WORK TO BE COMPLETED:
Every line below from the one with "- 5 červené" through the one with "Состав натурального ночного" is to be repeated exactly, with no picture among them.

EXERCISE INPUTS:
▬▬▬

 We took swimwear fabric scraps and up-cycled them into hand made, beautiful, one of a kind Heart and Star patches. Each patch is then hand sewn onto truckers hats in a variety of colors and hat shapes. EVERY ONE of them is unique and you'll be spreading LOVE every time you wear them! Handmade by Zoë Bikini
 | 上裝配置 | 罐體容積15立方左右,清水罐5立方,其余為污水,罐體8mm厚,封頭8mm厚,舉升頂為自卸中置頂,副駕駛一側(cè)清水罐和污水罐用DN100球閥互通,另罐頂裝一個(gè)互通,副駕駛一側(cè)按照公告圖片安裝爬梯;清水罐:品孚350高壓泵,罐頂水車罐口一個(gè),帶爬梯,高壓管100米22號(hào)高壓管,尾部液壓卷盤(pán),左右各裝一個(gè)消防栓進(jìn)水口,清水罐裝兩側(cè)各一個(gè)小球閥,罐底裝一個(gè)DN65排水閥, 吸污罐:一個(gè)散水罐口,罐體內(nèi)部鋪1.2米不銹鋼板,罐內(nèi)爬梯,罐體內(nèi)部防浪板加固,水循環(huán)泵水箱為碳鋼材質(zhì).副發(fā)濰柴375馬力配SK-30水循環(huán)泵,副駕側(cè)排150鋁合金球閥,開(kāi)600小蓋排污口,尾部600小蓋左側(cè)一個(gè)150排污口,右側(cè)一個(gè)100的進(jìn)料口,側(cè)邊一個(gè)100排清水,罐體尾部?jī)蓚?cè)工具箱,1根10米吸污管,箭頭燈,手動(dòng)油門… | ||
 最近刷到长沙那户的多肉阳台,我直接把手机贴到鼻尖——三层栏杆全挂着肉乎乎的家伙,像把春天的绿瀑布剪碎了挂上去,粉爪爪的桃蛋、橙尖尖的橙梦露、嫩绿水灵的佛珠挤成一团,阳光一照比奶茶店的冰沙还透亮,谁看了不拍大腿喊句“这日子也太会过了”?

▬▬▬

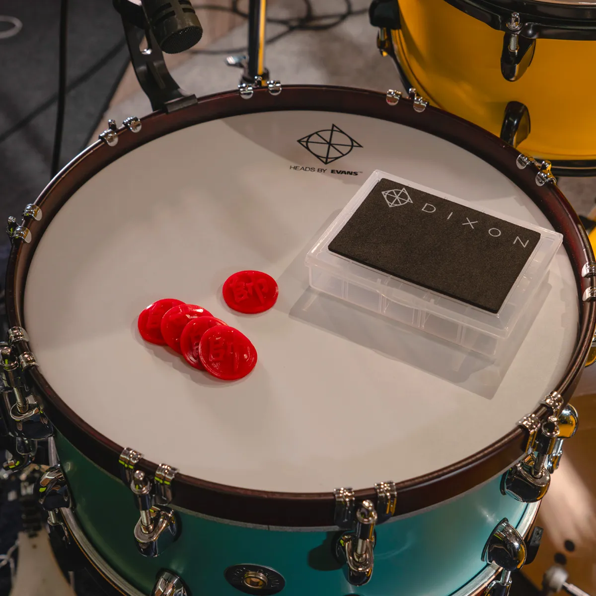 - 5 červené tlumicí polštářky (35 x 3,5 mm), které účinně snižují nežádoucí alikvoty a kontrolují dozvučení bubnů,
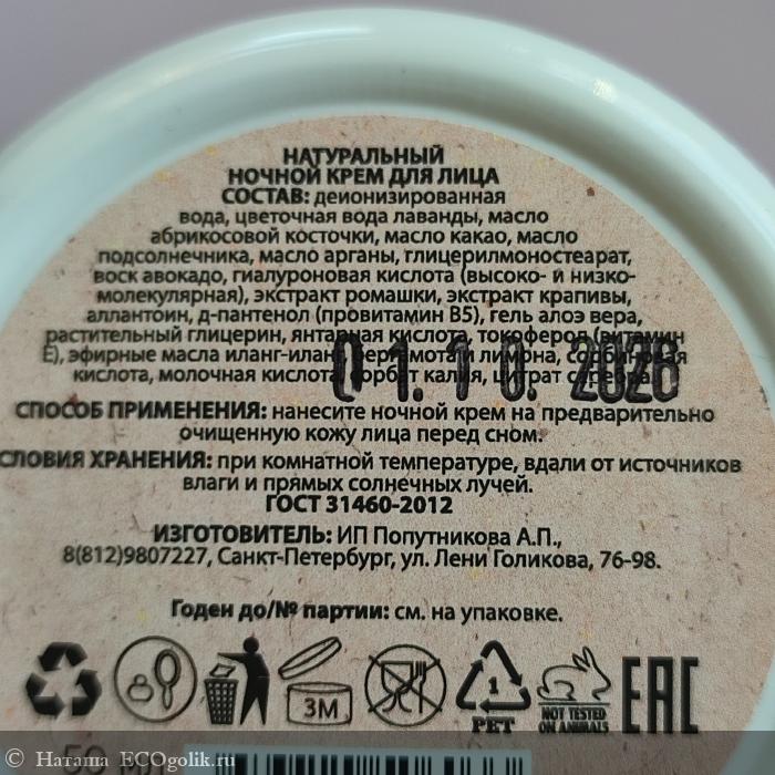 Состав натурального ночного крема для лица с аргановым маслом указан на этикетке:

▬▬▬

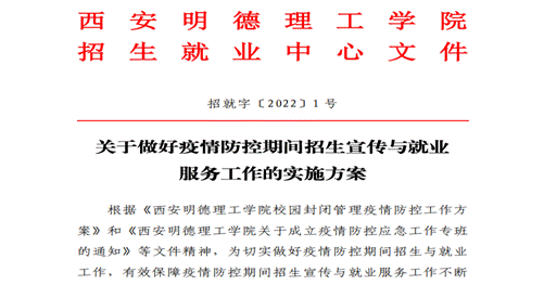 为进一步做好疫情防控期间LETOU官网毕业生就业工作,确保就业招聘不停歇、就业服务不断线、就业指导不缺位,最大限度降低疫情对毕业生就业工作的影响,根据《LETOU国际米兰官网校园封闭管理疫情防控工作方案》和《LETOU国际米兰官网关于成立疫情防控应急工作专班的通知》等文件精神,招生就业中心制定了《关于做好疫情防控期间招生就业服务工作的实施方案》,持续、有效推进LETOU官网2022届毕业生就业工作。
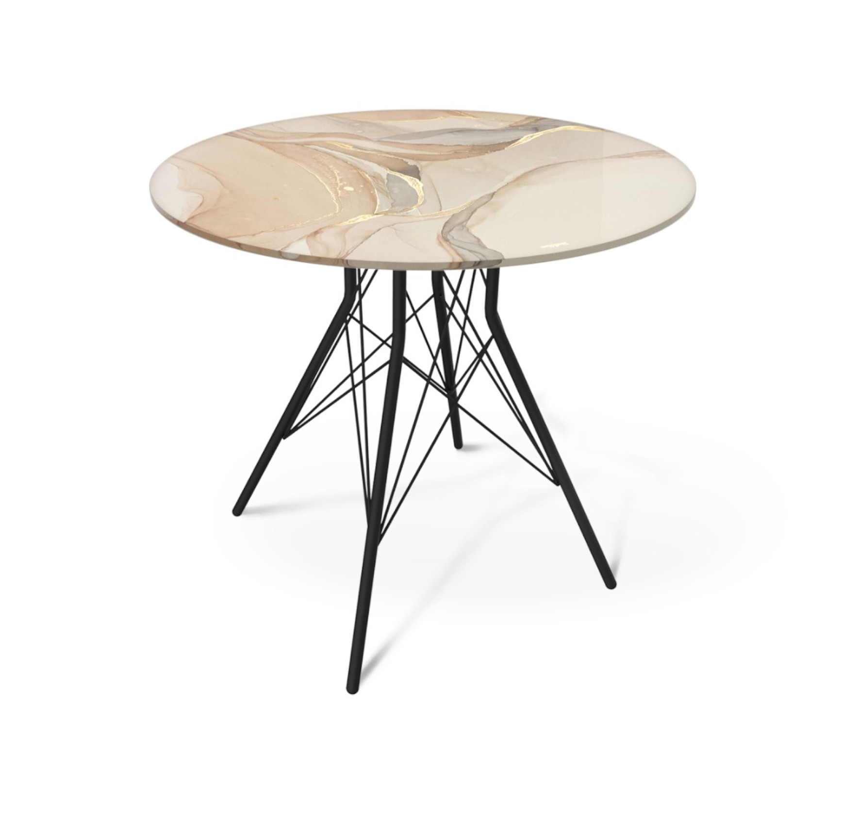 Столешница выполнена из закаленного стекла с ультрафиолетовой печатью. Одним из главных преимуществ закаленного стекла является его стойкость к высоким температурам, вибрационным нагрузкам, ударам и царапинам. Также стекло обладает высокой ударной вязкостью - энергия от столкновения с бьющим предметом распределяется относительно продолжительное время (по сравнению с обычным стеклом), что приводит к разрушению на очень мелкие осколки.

▬▬▬

RESPONSE:
 - 5 červené tlumicí polštářky (35 x 3,5 mm), které účinně snižují nežádoucí alikvoty a kontrolují dozvučení bubnů,
 Состав натурального ночного крема для лица с аргановым маслом указан на этикетке:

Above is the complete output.